Current situation and in the event of attaining a Brexit deal
The purpose of the Mutual Recognition of Professional Qualifications (MRPQ) Directive is to provide a framework to help facilitate the free movement of workers from the EEA and Switzerland, by having their professional qualifications recognised in a state other than the one in which they were attained. The MRPQ primarily relates to regulated professions, details of which are available on the European Commission's database of regulated professions.
CIAT is the EU's competent authority for the Chartered Architectural Technologist in the UK. This means that CIAT is the 'gatekeeper' for the profession, and in order to adhere to the MRPQ, it has to ensure those that meet the minimum requirements are granted access to the profession in the UK.
The MRPQ offers several mechanisms for recognition, which set out what Competent Authorities must do to ensure that their qualification processes are fair and transparent, and facilitate free movement as far as is possible.
These mechanisms for recognition include:
- automatic recognition based on minimum training conditions or professional experience (this applies to doctors, nurses, dental practitioners, veterinary surgeons, midwives, pharmacists and architects).

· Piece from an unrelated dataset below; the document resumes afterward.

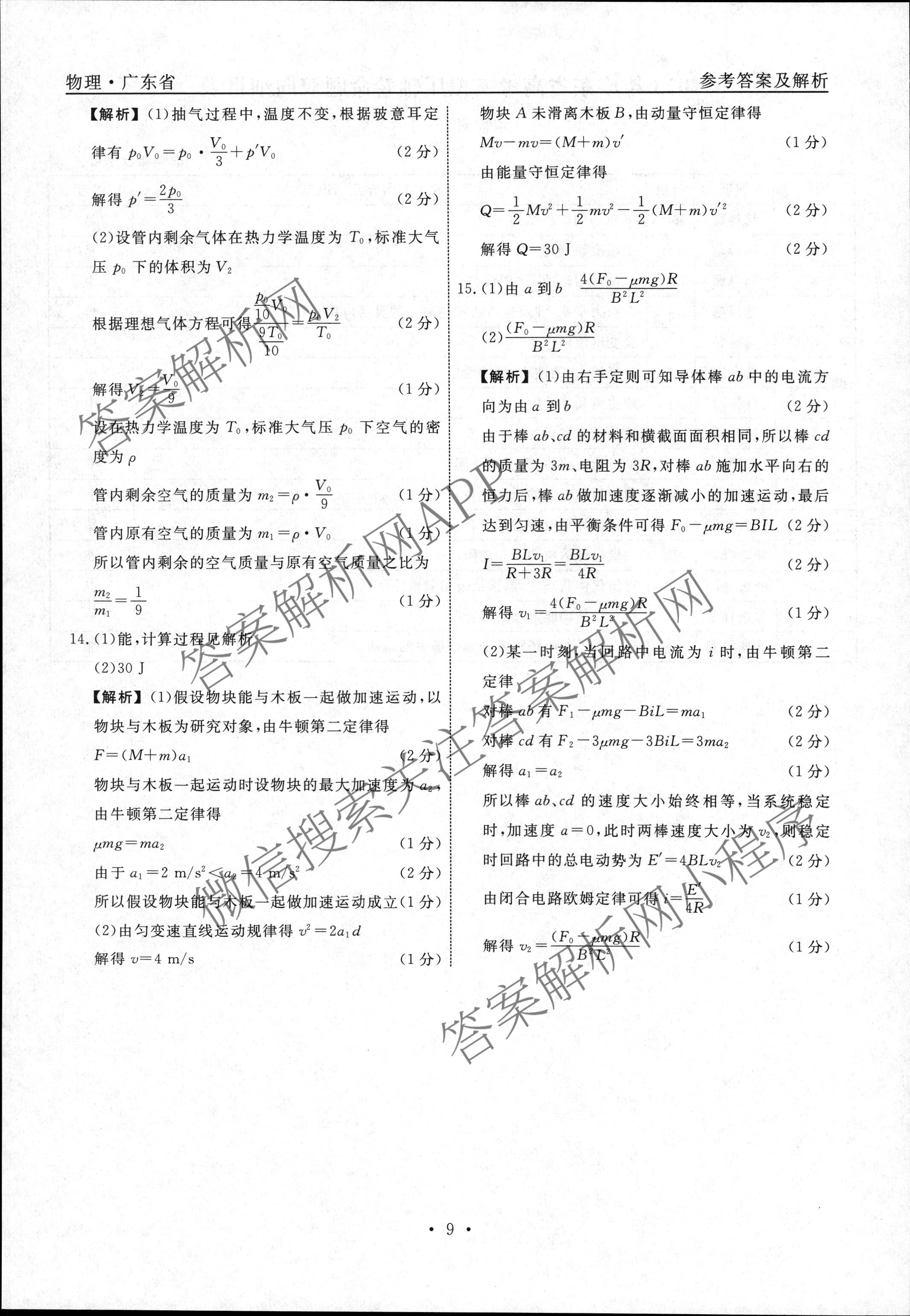 [衡水名师卷]2022~2023高考模拟压轴卷 物理(广东)(三)3答案

- the 'general system'. Competent Authorities or regulators must not refuse applications on the basis of inadequate qualifications, if the qualification(s) held by applicants that want to practise the regulated profession are recognised by an EEA State or Switzerland. An applicant may be required to undertake an aptitude test or an adaptation period before being eligible to practice the regulated profession.
- for those who want to work on a temporary or ocassional basis in another EEA State or Switzerland.

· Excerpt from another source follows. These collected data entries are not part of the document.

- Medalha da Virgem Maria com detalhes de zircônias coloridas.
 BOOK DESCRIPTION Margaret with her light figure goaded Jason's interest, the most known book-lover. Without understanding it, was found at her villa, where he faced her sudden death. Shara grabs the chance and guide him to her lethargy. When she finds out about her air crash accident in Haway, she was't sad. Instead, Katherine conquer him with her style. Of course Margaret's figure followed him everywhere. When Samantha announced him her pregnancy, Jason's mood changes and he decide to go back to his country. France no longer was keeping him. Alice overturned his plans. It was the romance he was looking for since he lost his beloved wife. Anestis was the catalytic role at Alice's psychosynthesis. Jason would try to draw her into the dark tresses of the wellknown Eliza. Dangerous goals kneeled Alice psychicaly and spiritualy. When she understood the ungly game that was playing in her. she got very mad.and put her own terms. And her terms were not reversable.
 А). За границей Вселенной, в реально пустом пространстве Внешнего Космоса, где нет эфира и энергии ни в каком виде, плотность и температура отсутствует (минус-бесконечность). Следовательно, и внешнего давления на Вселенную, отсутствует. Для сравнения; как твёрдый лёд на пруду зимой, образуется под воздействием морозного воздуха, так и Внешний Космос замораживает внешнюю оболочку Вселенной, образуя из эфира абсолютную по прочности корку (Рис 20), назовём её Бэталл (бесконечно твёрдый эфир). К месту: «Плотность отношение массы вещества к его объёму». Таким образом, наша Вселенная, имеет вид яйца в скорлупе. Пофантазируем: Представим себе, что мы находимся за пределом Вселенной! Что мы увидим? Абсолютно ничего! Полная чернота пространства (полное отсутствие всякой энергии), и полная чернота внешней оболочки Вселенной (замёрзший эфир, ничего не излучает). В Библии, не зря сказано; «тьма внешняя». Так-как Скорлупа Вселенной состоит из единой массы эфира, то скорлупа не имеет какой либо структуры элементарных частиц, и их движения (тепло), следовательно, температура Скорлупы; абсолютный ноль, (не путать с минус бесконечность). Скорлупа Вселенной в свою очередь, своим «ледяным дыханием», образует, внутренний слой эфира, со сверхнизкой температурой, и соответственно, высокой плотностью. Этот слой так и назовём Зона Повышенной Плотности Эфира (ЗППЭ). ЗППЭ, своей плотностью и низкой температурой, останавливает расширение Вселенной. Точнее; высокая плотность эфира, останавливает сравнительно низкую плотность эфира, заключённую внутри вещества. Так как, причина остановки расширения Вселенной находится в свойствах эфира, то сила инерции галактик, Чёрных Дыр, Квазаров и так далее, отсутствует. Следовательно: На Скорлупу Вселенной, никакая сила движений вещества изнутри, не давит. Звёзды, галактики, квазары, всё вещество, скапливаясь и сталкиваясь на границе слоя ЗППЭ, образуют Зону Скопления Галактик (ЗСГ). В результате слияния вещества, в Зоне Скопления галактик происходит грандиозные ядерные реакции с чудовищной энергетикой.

The mechanism that applies to those seeking to practice as a Chartered Architectural Technologist is the general system. CIAT is the only Competent Authority that exists in Europe for the Chartered Architectural Technologist. In fact, CIAT is the only body with the authority to award the professional qualification of Chartered Architectural Technologist and will remain so, regardless of Brexit.

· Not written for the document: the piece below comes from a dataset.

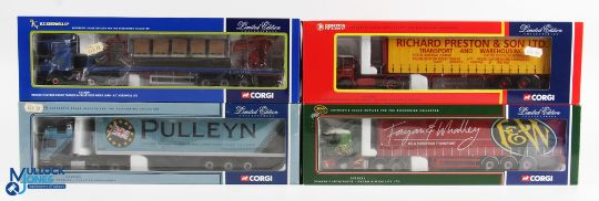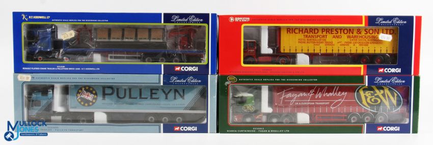 Corgi 1/50 Scale Lorries (4) - CC12005 Man fridge trailer Pulleyn Transport, CC12211 Scania curtainside Fagan & Whalley Ltd, CC12109 Renault flatbed crane trailer & palletised brick load - R T Keedwell Ltd, CC12505 Atkinson borderer tautliner Richard Preston & Son Ltd, all boxed (4)
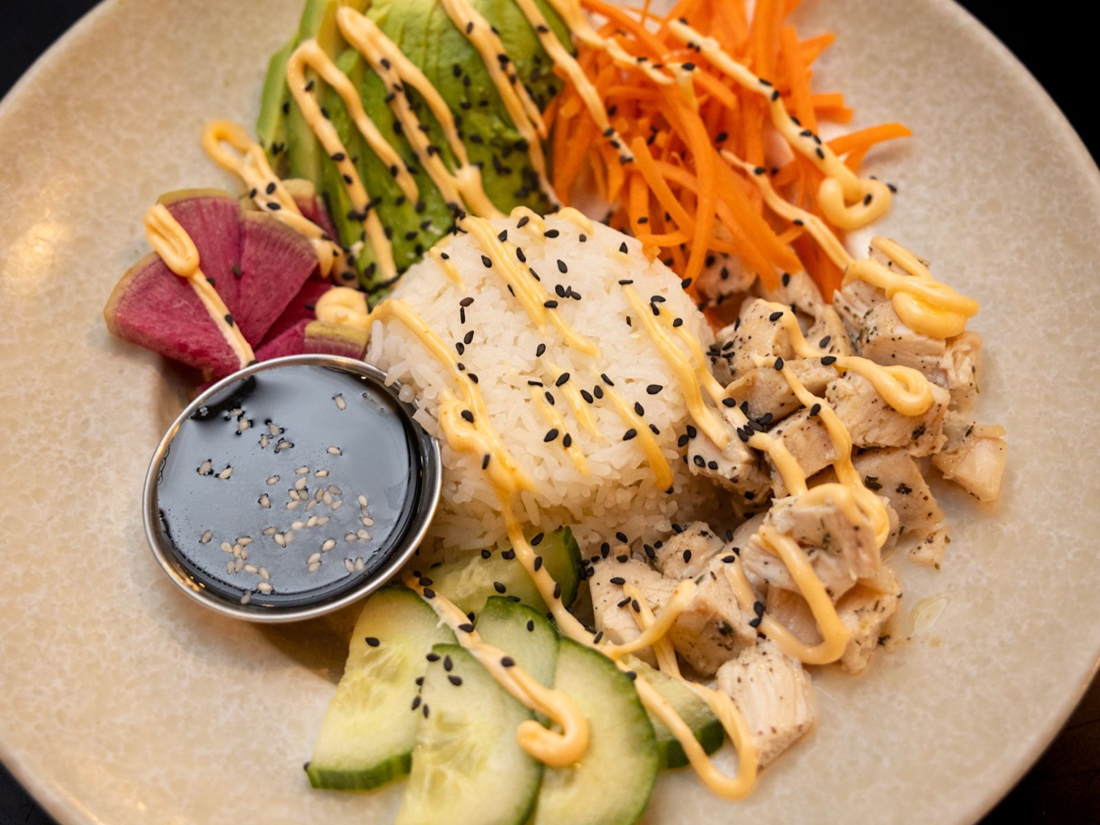 Choice of Ahi Tuna, Short Rib or Chicken served with rice, radishes, cucumbers, shredded carrots, avocado, spicy mayo, sesame seeds. Served with a side of honey sesame soy sauce

Our Institute's membership processes have always been inclusive and we have always considered partial access and compensation measures to those that have applied for membership in order to facilitate a flexible route to qualification. Our processes take into account academic achievement and work experience, regardless of the EU Directive. CIAT will continue to operate in the same way.
The government has prepared legislation to update the Recognition of Professional Qualifications Regulations. This will bring a new system into force for exit day. There is also an Explanatory Memorandum, which explains the legislation and the changes it will make to the Recognition of Professional Qualifications Regulations in more detail. This legislation will be supplemented by sector specific legislation to cover certain professions.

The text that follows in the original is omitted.